WORK TO BE COMPLETED — All pictures are to be omitted while the lines starting at the line with "Bisou bisou fringe" and ending at the line with "Willa The Rancho" in the material below are retyped exactly, both ends included.

RAW DATA —
--------------------------------------------------
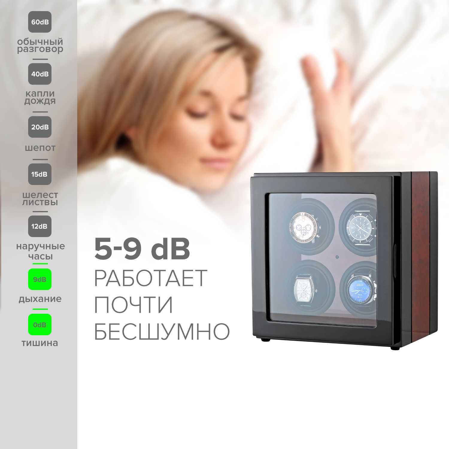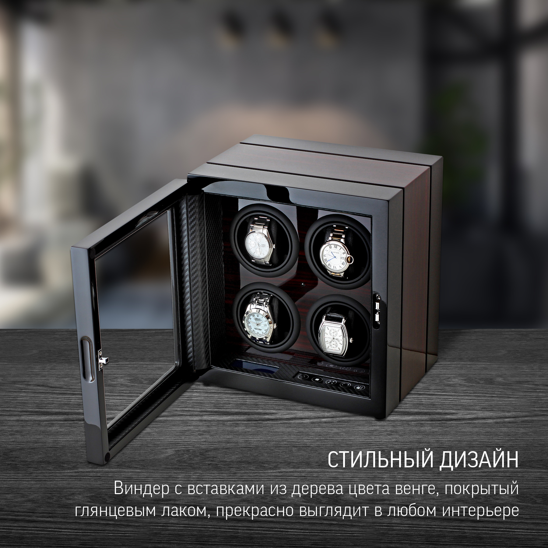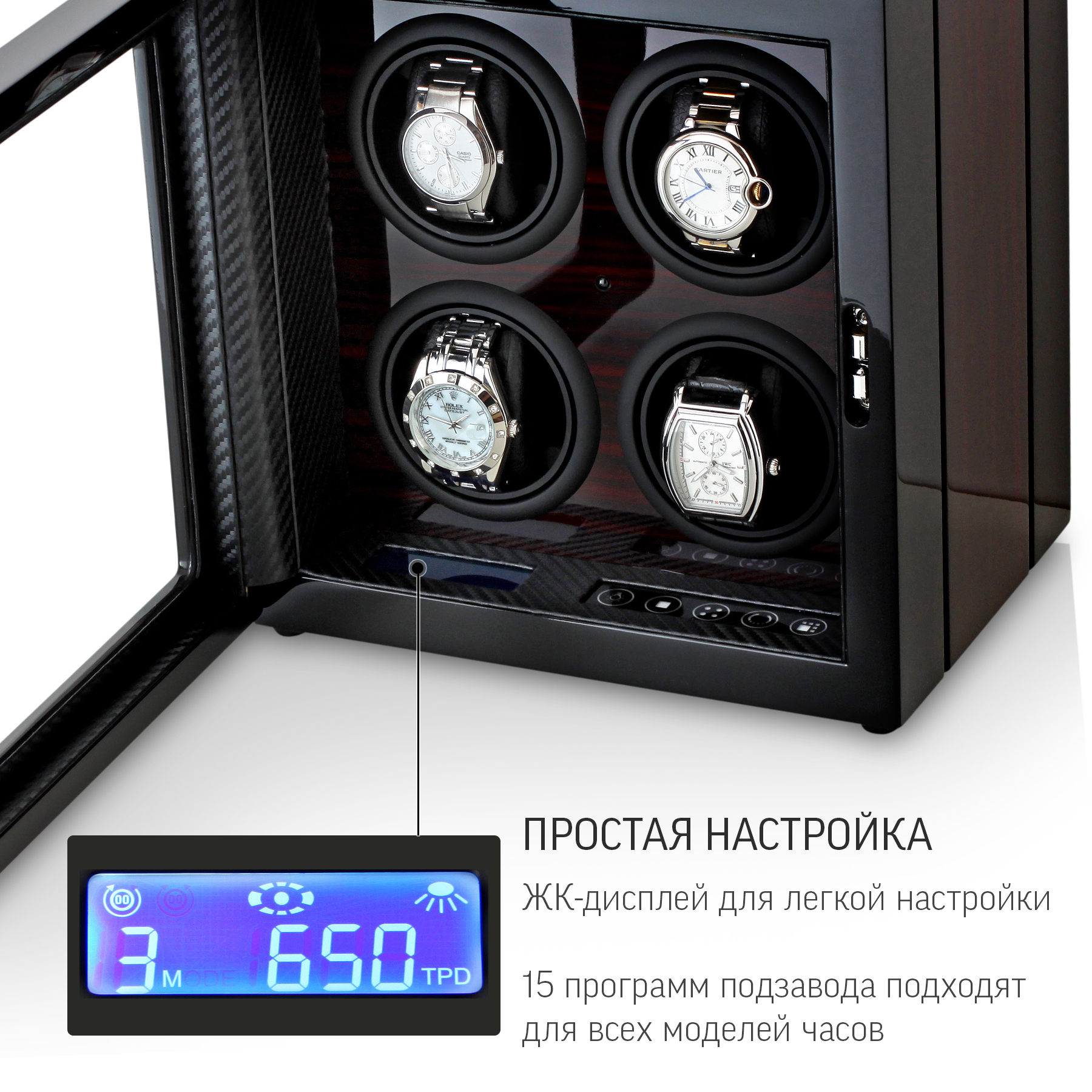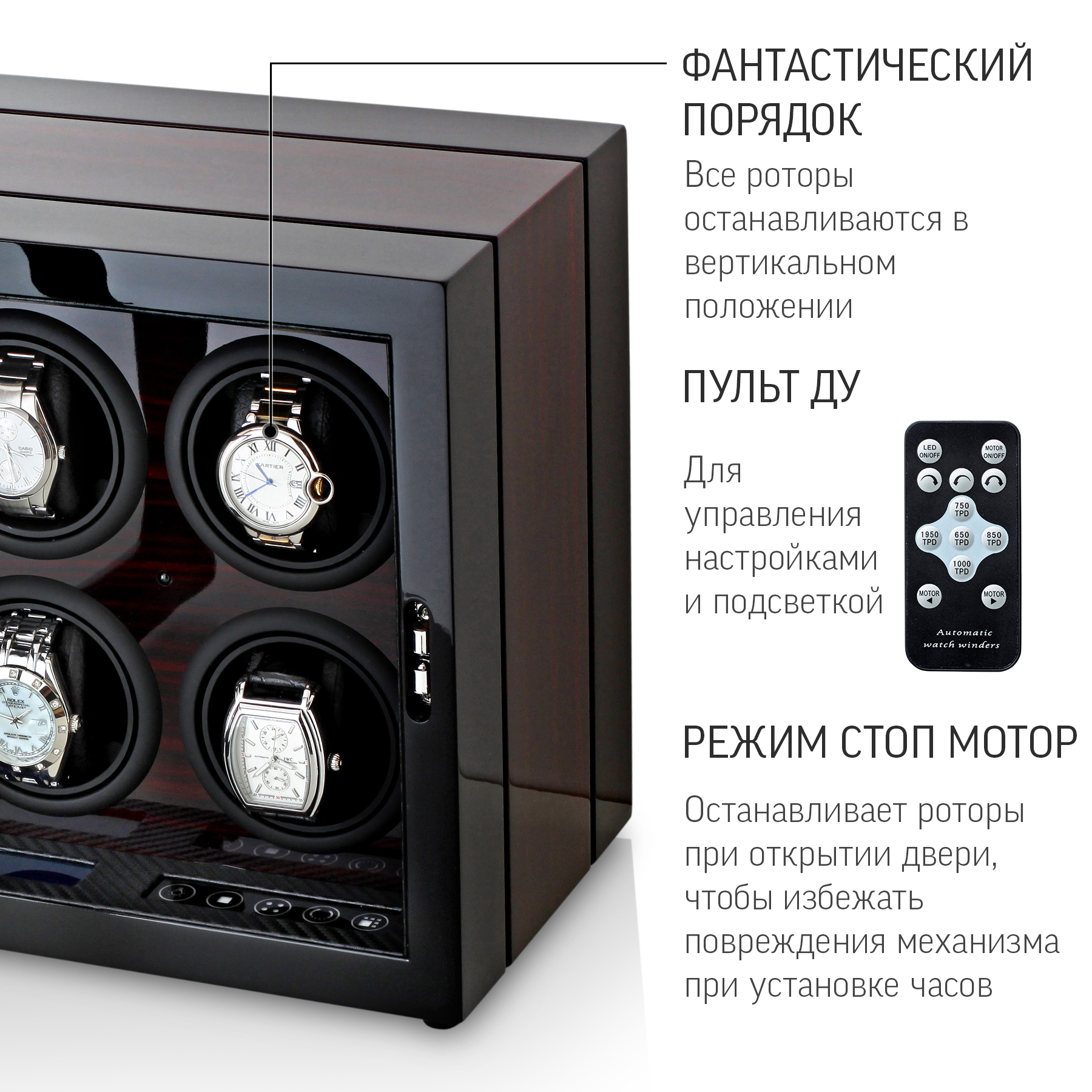 • АВТОСТОП: При открытии дверцы моторы останавливаются. Часы удобно вынимать и устанавливать. Функция также предотвращает поломку механизма виндера.
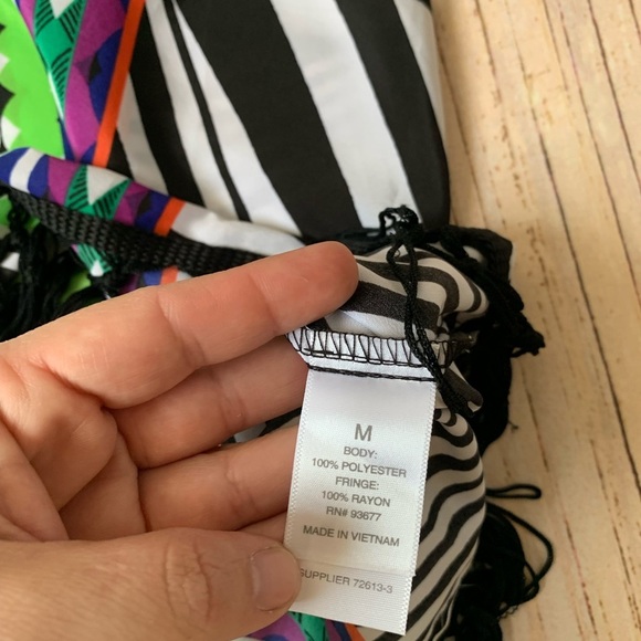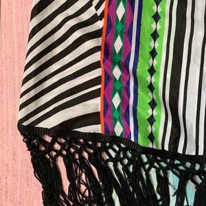 Bisou bisou fringe flowy tank top. Size medium. In great preowned condition. 100% polyester with no stretch. Adjustable straps. Measurements Pit to pit 19 inch Length 19 inch
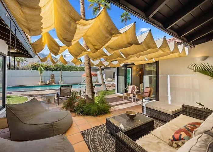 Willa The Rancho Dandy zapewnia komfortowy pobyt z wyposażonym aneksem kuchennym z ekspresem do kawy/herbaty, lodówką i piekarnikiem. Goście mogą zjeść posiłek w restauracji Loco Charlie's Mexican Grill, w odległości 13 min spacerem. Na lotnisko Palm Springs International można dojechać z obiektu w 10 min.
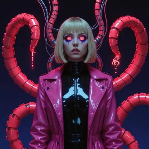 A highly detailed, technical prompt designed for Grok Imagine to generate a 10-second cyberpunk anime animation featuring the character Aletheia with glowing spiral eyes, a glossy pink trench coat, and eight robotic tentacles, emphasizing fluid slow-motion, hyper-coherent motion, and synced breathy voice audio.
--------------------------------------------------
SOLUTION —
 Bisou bisou fringe flowy tank top. Size medium. In great preowned condition. 100% polyester with no stretch. Adjustable straps. Measurements Pit to pit 19 inch Length 19 inch
 Willa The Rancho Dandy zapewnia komfortowy pobyt z wyposażonym aneksem kuchennym z ekspresem do kawy/herbaty, lodówką i piekarnikiem. Goście mogą zjeść posiłek w restauracji Loco Charlie's Mexican Grill, w odległości 13 min spacerem. Na lotnisko Palm Springs International można dojechać z obiektu w 10 min.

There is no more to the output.